▶ _To do_: Consider the listing below. Extract exactly the lines from the line containing "Be the first" to the line containing "Vestido manga corta con bolso", both included.

▶ _Data_:
■ ■ ■ ■ ■

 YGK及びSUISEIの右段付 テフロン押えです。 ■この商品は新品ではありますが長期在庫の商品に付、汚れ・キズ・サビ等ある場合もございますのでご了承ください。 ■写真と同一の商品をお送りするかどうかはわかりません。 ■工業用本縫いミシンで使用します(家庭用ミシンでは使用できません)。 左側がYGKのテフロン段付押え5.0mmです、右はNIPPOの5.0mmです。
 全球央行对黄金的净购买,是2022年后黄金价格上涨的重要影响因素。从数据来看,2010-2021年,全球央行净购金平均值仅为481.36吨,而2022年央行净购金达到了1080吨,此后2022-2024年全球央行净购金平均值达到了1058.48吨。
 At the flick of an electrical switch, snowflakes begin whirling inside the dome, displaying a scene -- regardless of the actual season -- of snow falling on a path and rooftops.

■ ■ ■ ■ ■

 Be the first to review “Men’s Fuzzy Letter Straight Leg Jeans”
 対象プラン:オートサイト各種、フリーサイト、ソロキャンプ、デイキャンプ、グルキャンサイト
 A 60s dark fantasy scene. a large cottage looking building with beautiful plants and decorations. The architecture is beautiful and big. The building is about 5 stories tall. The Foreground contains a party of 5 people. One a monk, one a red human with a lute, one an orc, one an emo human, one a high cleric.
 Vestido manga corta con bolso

■ ■ ■ ■ ■

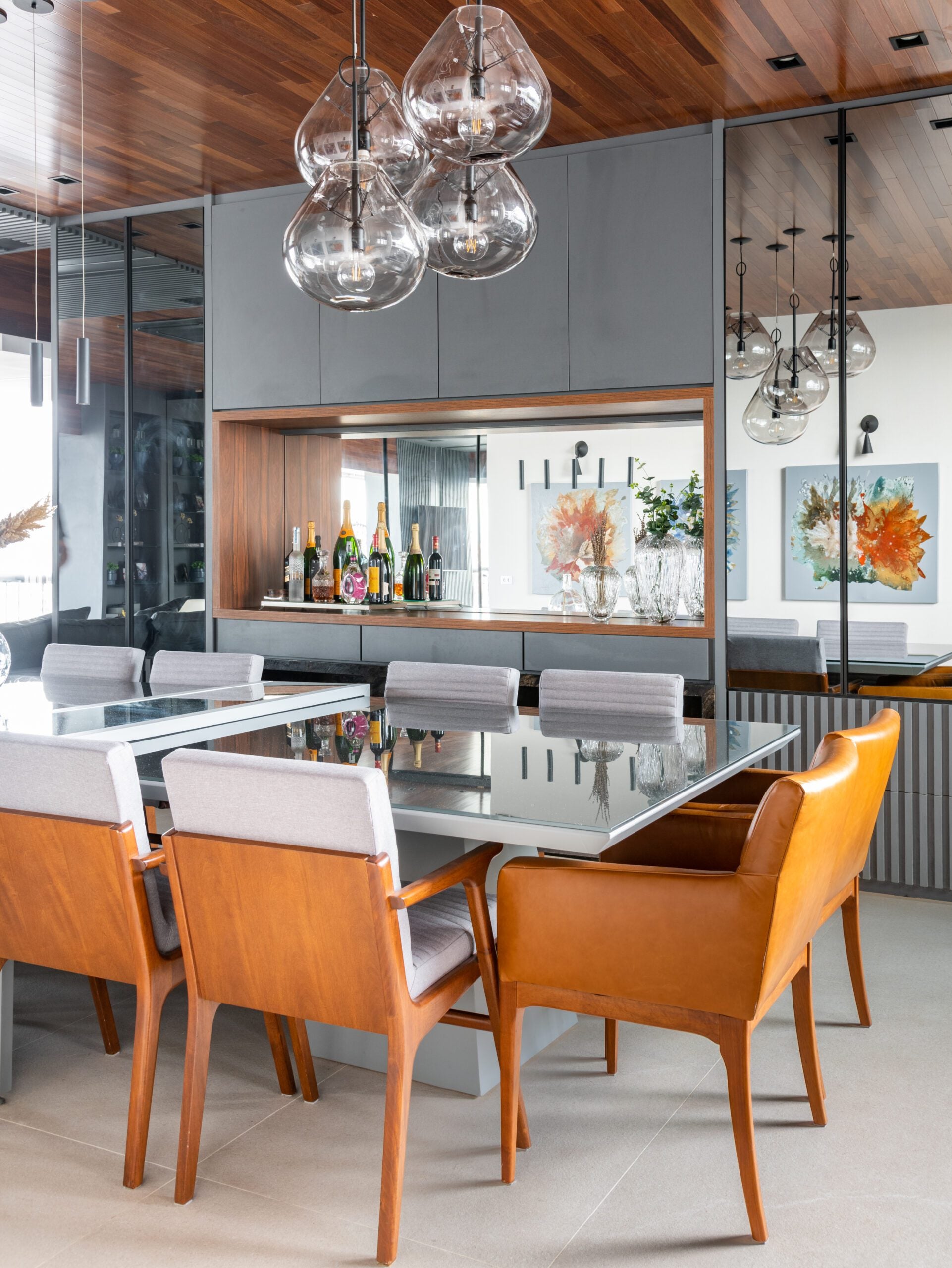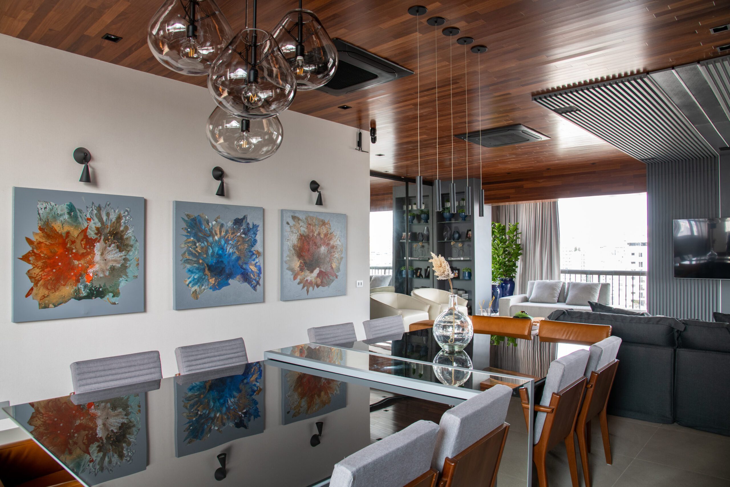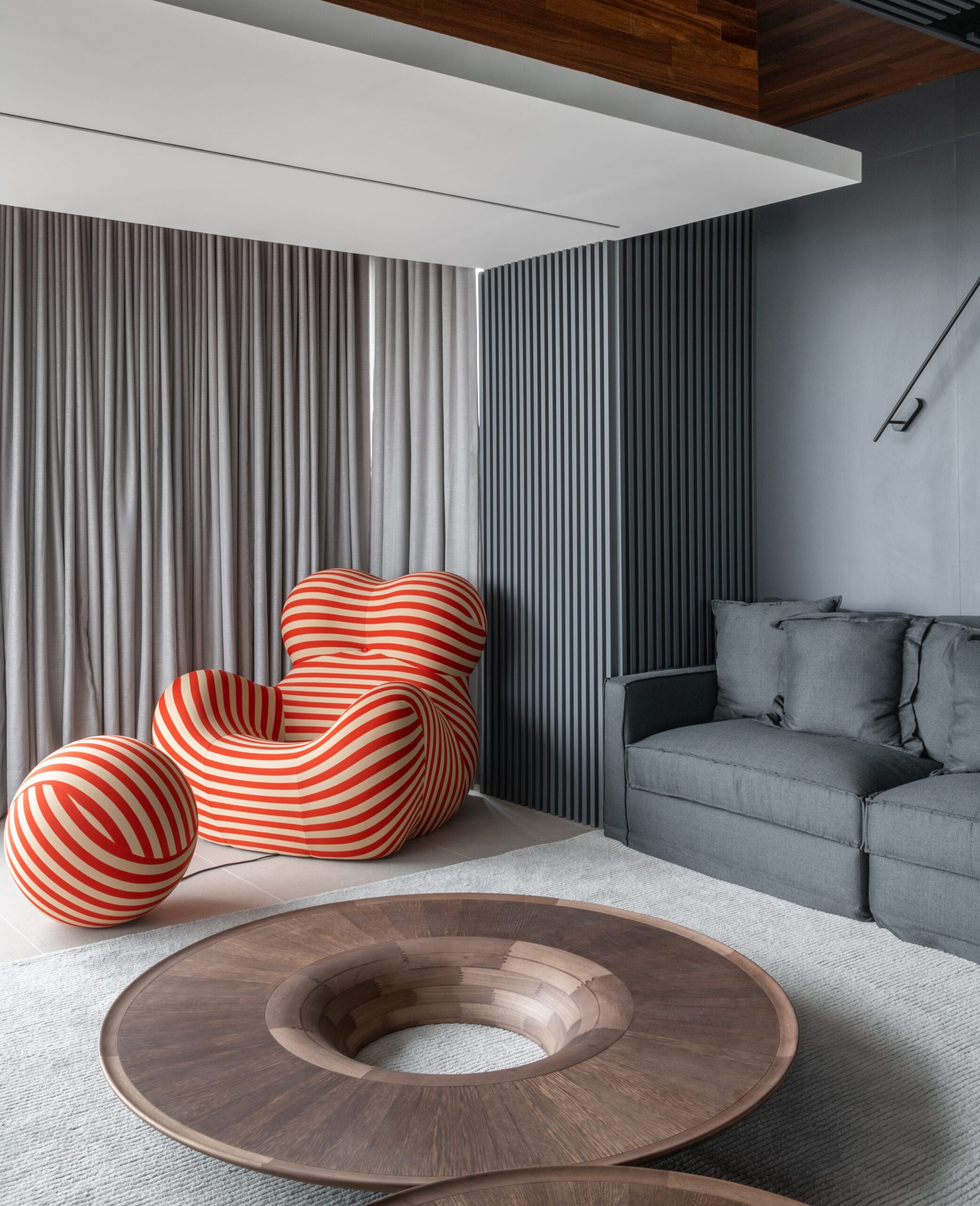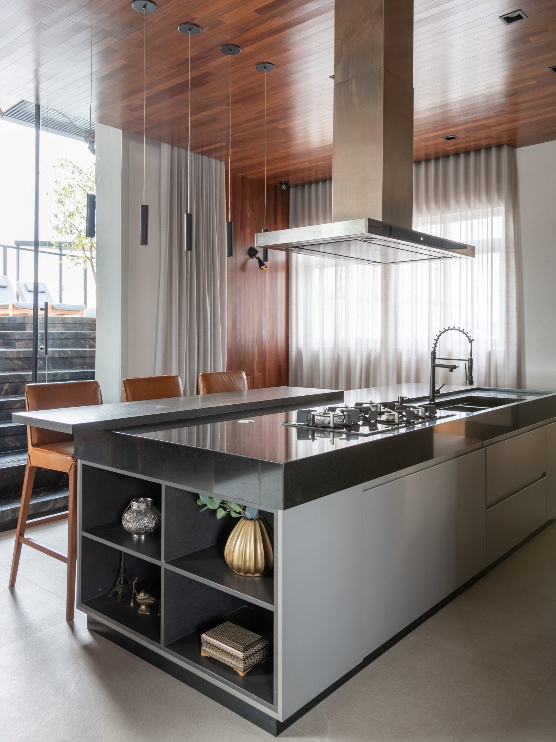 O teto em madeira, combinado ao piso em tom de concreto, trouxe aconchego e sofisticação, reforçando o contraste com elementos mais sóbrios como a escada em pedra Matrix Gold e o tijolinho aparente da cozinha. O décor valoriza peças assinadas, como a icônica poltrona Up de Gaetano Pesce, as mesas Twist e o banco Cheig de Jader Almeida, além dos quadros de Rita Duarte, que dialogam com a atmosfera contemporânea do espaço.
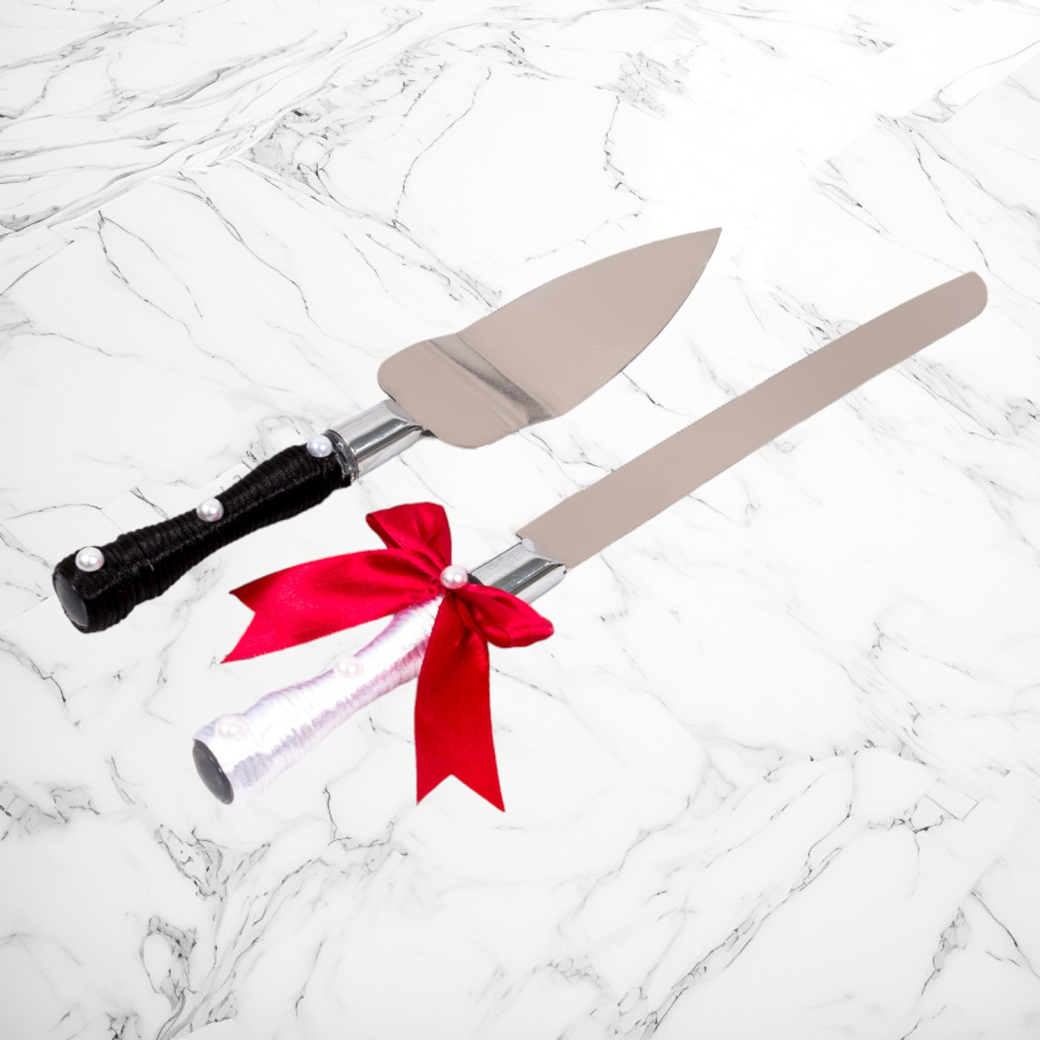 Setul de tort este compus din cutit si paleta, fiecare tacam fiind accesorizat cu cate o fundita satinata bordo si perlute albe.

■ ■ ■ ■ ■

▶ _Completed task_:
 Be the first to review “Men’s Fuzzy Letter Straight Leg Jeans”
 対象プラン:オートサイト各種、フリーサイト、ソロキャンプ、デイキャンプ、グルキャンサイト
 A 60s dark fantasy scene. a large cottage looking building with beautiful plants and decorations. The architecture is beautiful and big. The building is about 5 stories tall. The Foreground contains a party of 5 people. One a monk, one a red human with a lute, one an orc, one an emo human, one a high cleric.
 Vestido manga corta con bolso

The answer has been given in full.